Resumiendo los conceptos esenciales del mensaje de la justicia de Cristo por la fe: la justificación legal y la efectividad de ella que es por la fe; las gloriosas buenas nuevas de los dos pactos; el inmenso poder de Cristo para salvar del pecado continuo; Su semejanza con nosotros en tomar nuestra naturaleza pecaminosa caída, pero sin pecar; la iniciativa del Espíritu Santo en salvar al perdido; la iniciativa del Buen Pastor en buscar Su oveja perdida; la posibilidad de vencer todo pecado así como Cristo venció en nuestro favor; la certeza de una generación final reflejando la perfección del carácter de Cristo; la relación práctica de la purificación del santuario celestial a la de la purificación de los corazones humanos; la fe genuina lleva a la obediencia voluntaria a todos los mandamientos de Dios; la motivación de interés por la gloria y honra de Cristo y por la salvación de los otros, que trasciende la búsqueda auto centralizada de recompensa y de evitar la punición; la realidad del perdido tomar la iniciativa para estar perdido; y la verdad de que el sacrificio de Cristo realizó mucho más que una mera provisión que nada hace a no ser que hagamos alguna cosa - Él dio Su sangre por el mundo, así el mundo debe su vida presente a Jesús, la genuina fuente de amor y alegría.

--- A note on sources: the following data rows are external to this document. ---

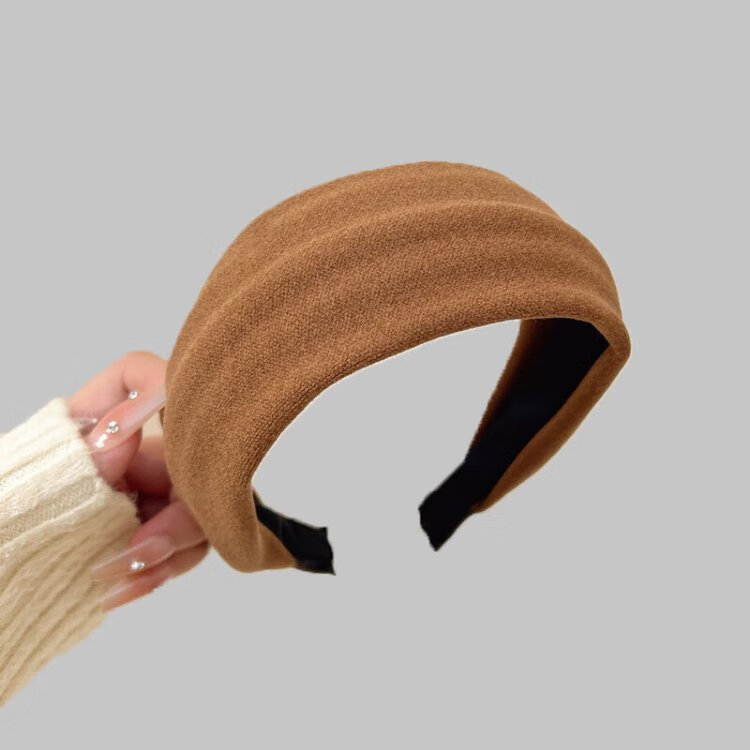 SAHANE's feather-covered wide-brimmed headband is light and luxurious with the same style of fabric pressed hair. Korean style autumn and winter headband for shopping, versatile and fashionable hairpin. Suede headband, light khaki.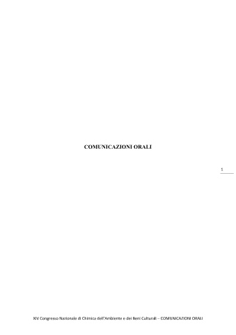 COMUNICAZIONI ORALI 1 XIV Congresso Nazionale di Chimica dell’Ambiente e dei Beni Culturali – COMUNICAZIONI ORALI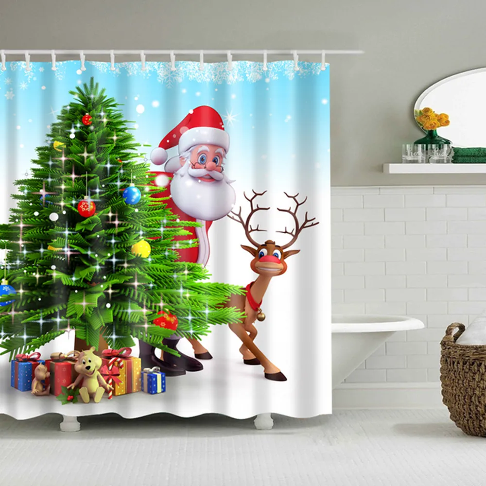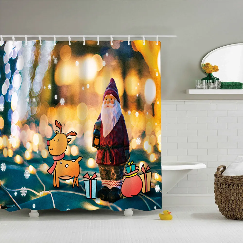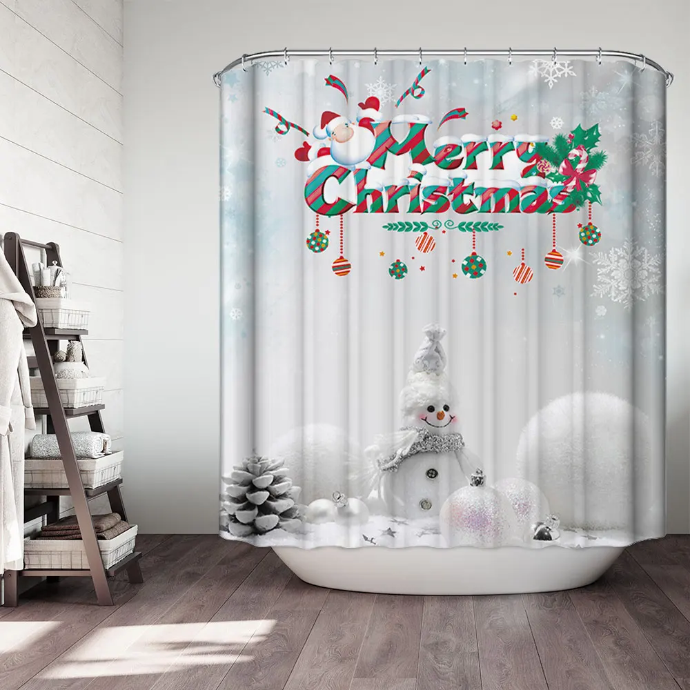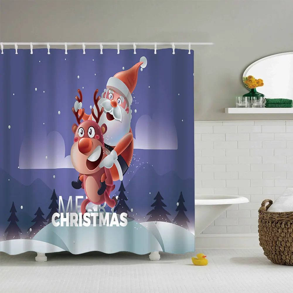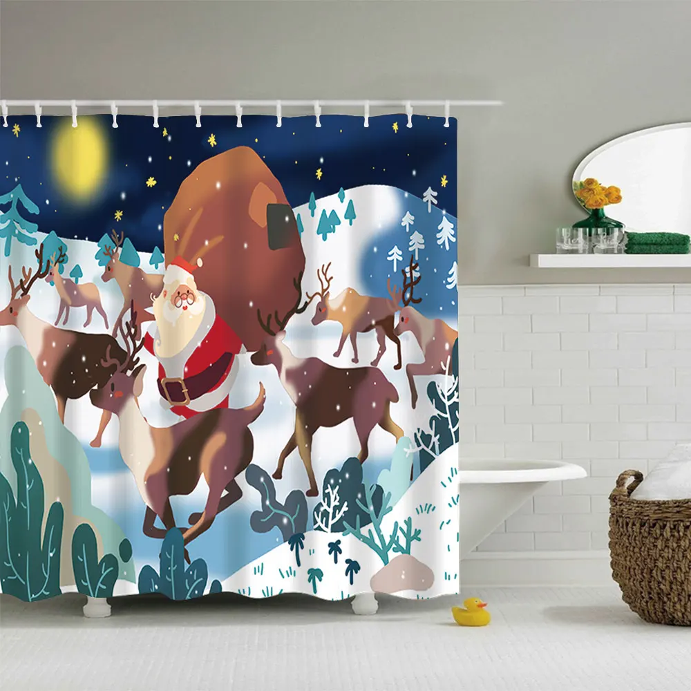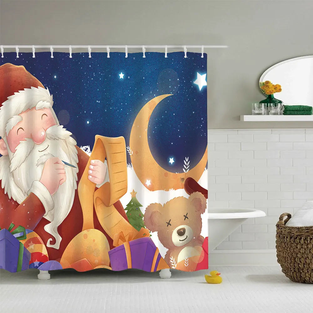 Водонепроницаемая занавеска для ванной, тканевая шторка для душа в ванную комнату, подарок на Рождество, Санта Клаус, снеговик, олень

El mensaje de la justificación por la fe y de la justicia de Cristo reivindica el carácter puro, perfecto y amoroso de Dios ante el universo, y debe llamar la atención del mundo entero antes del retorno de nuestro Señor y Salvador Jesucristo. "He aquí la paciencia de los santos, los que guardan los mandamientos de Dios y la fe de Jesús". Apoc. 14:12.